* **WORK TO COMPLETE**
The required output is a verbatim transcription of the listing, pictures excluded.

* **DATA SEGMENT**
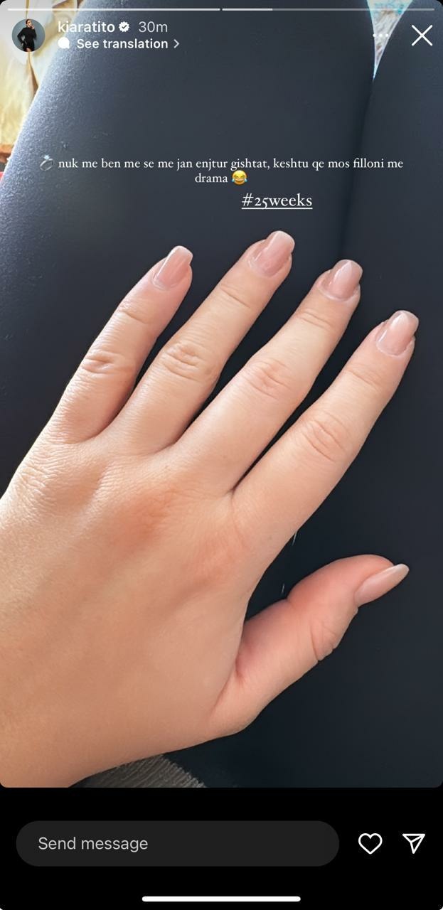 Moderatorja gjithashtu ka vënë hashtagun #25weeks, ku na tregon se është 25-javëshe.
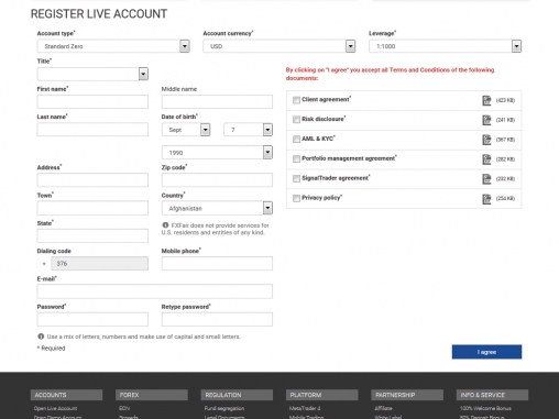 Регистрация в FXFair
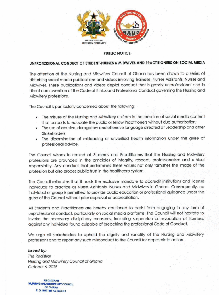 A statement dated October 6 and signed by the Registrar, Mrs Philomena Wooley, read, “The attention of the Nursing and Midwifery Council of Ghana has been drawn to a series of disturbing social media publications and videos involving Trainees, Nurses Assistants, Nurses and Midwives.
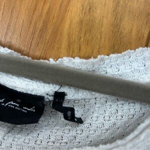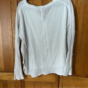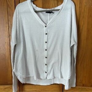 Chic white button-down with waffle knit texture. Features a V-neck and long sleeves. Perfect for versatile styling.

* **EXERCISE ANSWER**
 Moderatorja gjithashtu ka vënë hashtagun #25weeks, ku na tregon se është 25-javëshe.
 Регистрация в FXFair
 A statement dated October 6 and signed by the Registrar, Mrs Philomena Wooley, read, “The attention of the Nursing and Midwifery Council of Ghana has been drawn to a series of disturbing social media publications and videos involving Trainees, Nurses Assistants, Nurses and Midwives.
 Chic white button-down with waffle knit texture. Features a V-neck and long sleeves. Perfect for versatile styling.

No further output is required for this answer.